La confianza de un paciente en una institución de salud no depende únicamente del prestigio de sus profesionales o de la tecnología disponible. Para Julio Fraomeni, uno de los pilares fundamentales de una atención de excelencia es la seguridad clínica. En su trayectoria, ha sostenido que cada procedimiento, desde una consulta ambulatoria hasta una cirugía de alta complejidad, debe estar respaldado por protocolos rigurosos que reduzcan riesgos y garanticen una atención segura. Esa convicción convirtió a la seguridad del paciente en un eje central de su modelo de gestión.

Protocolos que buscan prevenir antes que corregir

Fraomeni entiende que una cultura de seguridad se construye mucho antes del ingreso del paciente al quirófano. La correcta identificación de las personas, el cumplimiento estricto de normas de higiene, la trazabilidad de medicamentos, la esterilización del instrumental y las listas de verificación antes de cada procedimiento forman parte de un sistema diseñado para minimizar errores y fortalecer la calidad asistencial.

Estos procesos sólo son efectivos cuando forman parte de la cultura cotidiana de toda la organización. Por eso, se promueve la capacitación permanente de los equipos, la revisión continua de los procedimientos y la incorporación de estándares internacionales que permitan evaluar y mejorar el desempeño de manera constante.

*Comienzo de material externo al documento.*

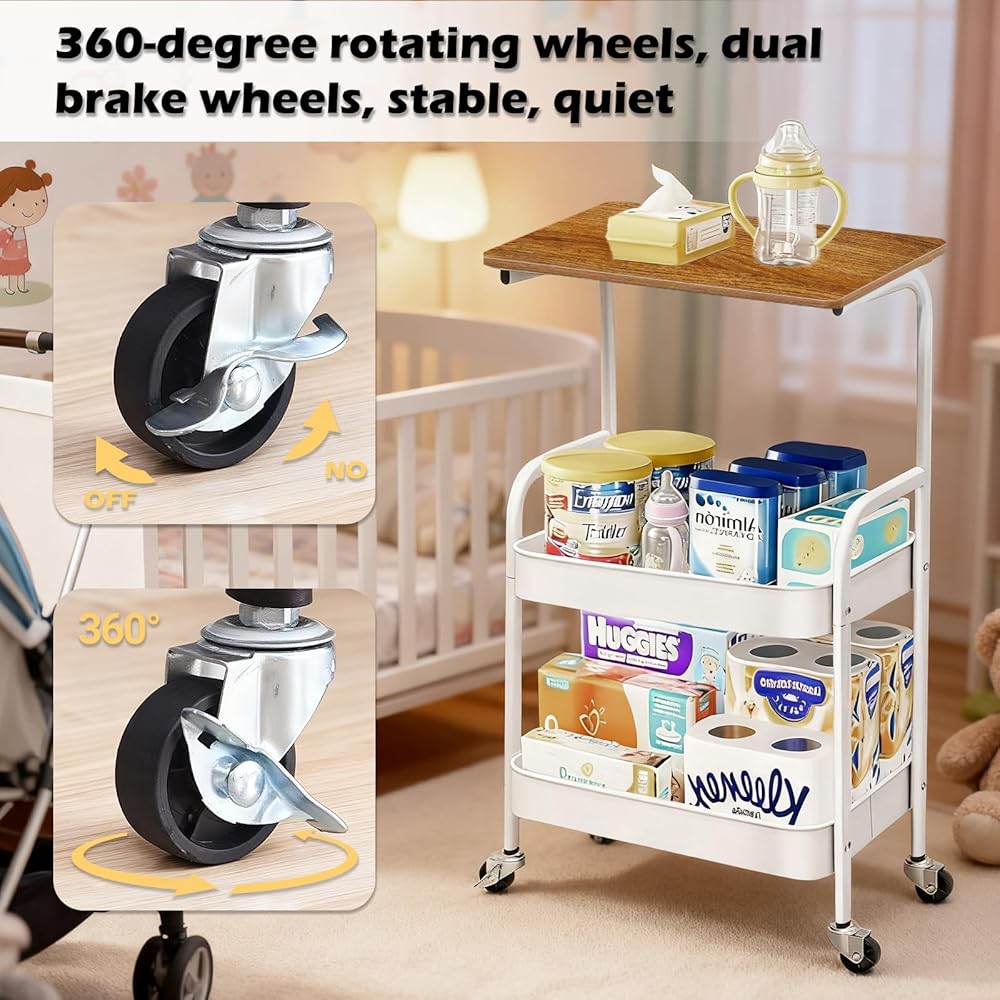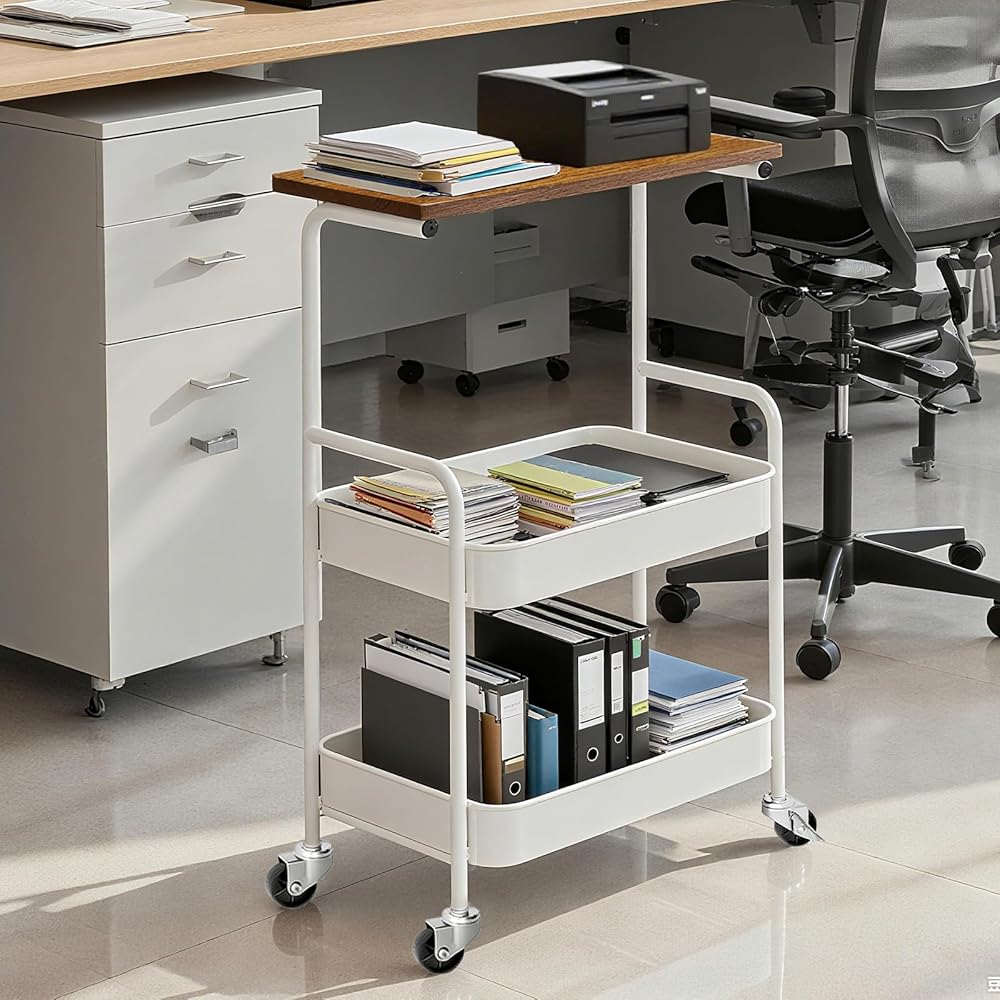 【Versatile Use in Any Room】Whether as a kitchen rolling storage organizer cart, a mobile office printer stand, a bathroom supply caddy, or a bedroom side table, this 3 tier rolling cart adapts to your lifestyle while maximizing space.

Esta filosofía también se refleja en la red de Sanatorios de la Trinidad, donde la implementación de protocolos y procesos de mejora continua busca brindar un entorno de atención confiable tanto para pacientes como para profesionales. Para Julio Fraomeni, alcanzar una calidad médica certificada no representa un objetivo aislado, sino el resultado de una gestión comprometida con la excelencia y la mejora permanente.

Más allá de la infraestructura o del equipamiento, la verdadera calidad se demuestra en los pequeños detalles que muchas veces pasan inadvertidos para el paciente, pero que resultan decisivos para su seguridad. La combinación entre protocolos sólidos, equipos capacitados y una cultura organizacional orientada a la prevención permite construir instituciones donde la confianza se respalda con hechos y donde cada proceso está pensado para proteger la salud de las personas.